Die Zeitungen und das ZDF behaupten: »Oliver Stone hat sich kaufen lassen.« Er habe gegen Geld einen Dokumentarfilm über den ehemaligen (!) Staatspräsidenten von Kasachstan, Nursultan Nasarbajew gedreht.
Er habe überdies auch anderen fragwürdigen Polit-Figuren, von Alexander Lukaschenko bis zum türkischen Präsidenten Recep Tayyip Erdoğan einen Film über sie angeboten.
Es sind nur rein moralische Vorwürfe, es geht hier nicht um kriminelle Handlungen. Die Medien als Sittenwächter.
Sollten sich diese Vorwürfe bewahrheiten, leidet das Ansehen von Person und Charakter Stones allerdings ganz sicherlich darunter. Alles scheint ganz gut belegt, auch wenn auch hier erstmal die Unschuldsvermutung gilt. Stone ist sicherlich jemand, der von der Macht fasziniert ist, auch von ihren Abgründen. Auch deswegen hat er Filme unter anderem über Diktatoren gemacht, ebenso wie über demokratische Politiker.

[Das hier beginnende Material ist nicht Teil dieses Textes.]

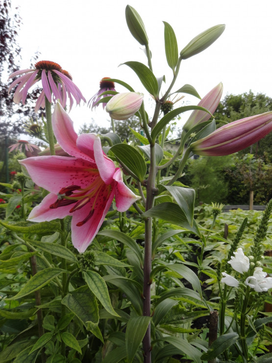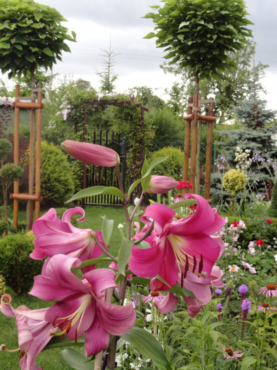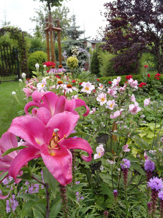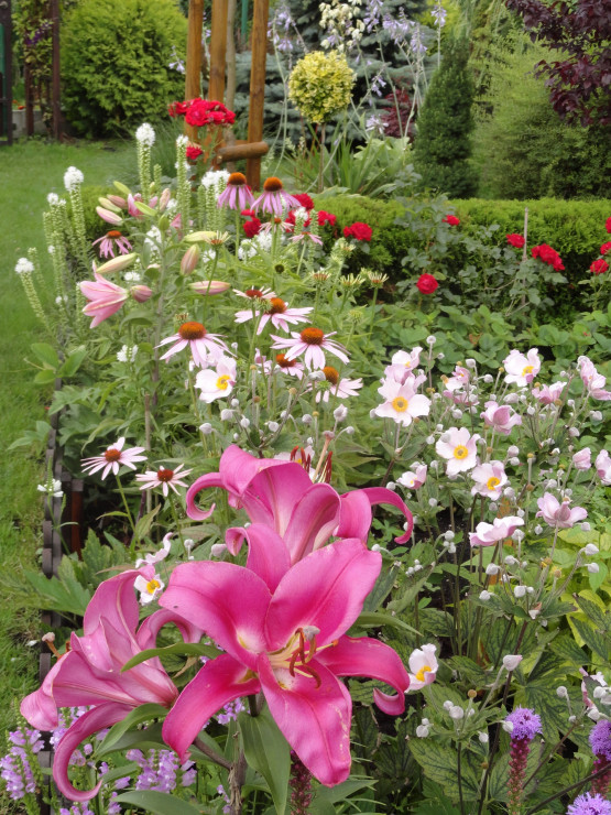 Kolorowy zawrót głowy - to chyba najlepsze określenie lipcowego widoku w ogródkach i na działkach. Wszystko cieszy oczy kolorami... Cudne dumne lilie kwitną na tle jeżówek, liatry, odętek... Rudbekia pęka w szwach od ilości słonecznych kwiatów. Łubiny i ostróżki - powoli - rozpoczynają drugie kwitnienie... Cynie prześcigają się w kolorowych kwiatach. Floksy roztaczają cudowny zapach wokół siebie... Dalie prężą się dumnie obok hibiskusa... Na sąsiedniej rabacie obok cudnych koleusów i trawy hakonechloa zakwitł guzikowiec,,, Nie sposób wymienić wszystkiego. Zostaje nam tylko usiąść i cieszyć oczy tym niepowtarzalnym widokiem...

Unser Blick auf die Spielfilme leidet eher nicht darunter, denn manche Spielfilme von Oliver Stone handeln ja von der großen Politik, von US-Präsidenten, und man kann durchaus argumentieren, dass Oliver Stone ganz offensichtlich auch die dunklen und versteckten Seiten der Macht kennt, die Filme also präzise sind. Es sind kritische Bestandsaufnahmen von einer demokratischen Macht, die leicht abgleitet ins Diktatorische. Sein Film W ist ein Film, der zeigt, wie der Irakkrieg teilweise mit Lügen vor der ganzen Welt durch eine demokratisch gewählte Regierung eingefädelt wurde.
Oliver Stone ist kein Schwärmer für Diktaturen, sondern ein politischer Rebell und scharfer politischer Kritiker der USA. Auch mit Filmen, die vom Ausland erzählen, kritisiert er eigentlich seine eigene Heimat. Er ist ein Linker, ein Contarian, einer der selten viel Geld vom großen Hollywood bekommt.
Man sollte diese ganzen Enthüllungen darum jetzt zumindest auch daraufhin befragen, warum es denn ausgerechnet einen unabhängigen linken Filmemacher trifft? Einen der immer
umstritten war? Es trifft dagegen nicht die Hollywood-Konzerne, die sämtlich sehr wohl mit den ganzen Ländern, die hier erwähnt werden, Geschäfte machen. Warum wird der Kritiker so hart kritisiert? Gefällt manchen Leuten vielleicht das andere Narrativ vom Westen und seinen Kriegen nicht, das Stone auch gegen den eigenen US-amerikanischen Mainstream und die US-Propaganda wendet? Auch hier ist die Wahrheit nicht einfach, sondern kompliziert.
Davon abgesehen wird ein Film von Oliver Stone über einen eitlen machtversessenen Despoten diesen als solchen entlarven. Da muss Stone gar nicht mehr tun, als einfach den Mann und den Pomp zu filmen. Was will man? Ein anderes Thema, oder einen jederzeit erhobenen Zeigefinger im Kommentar?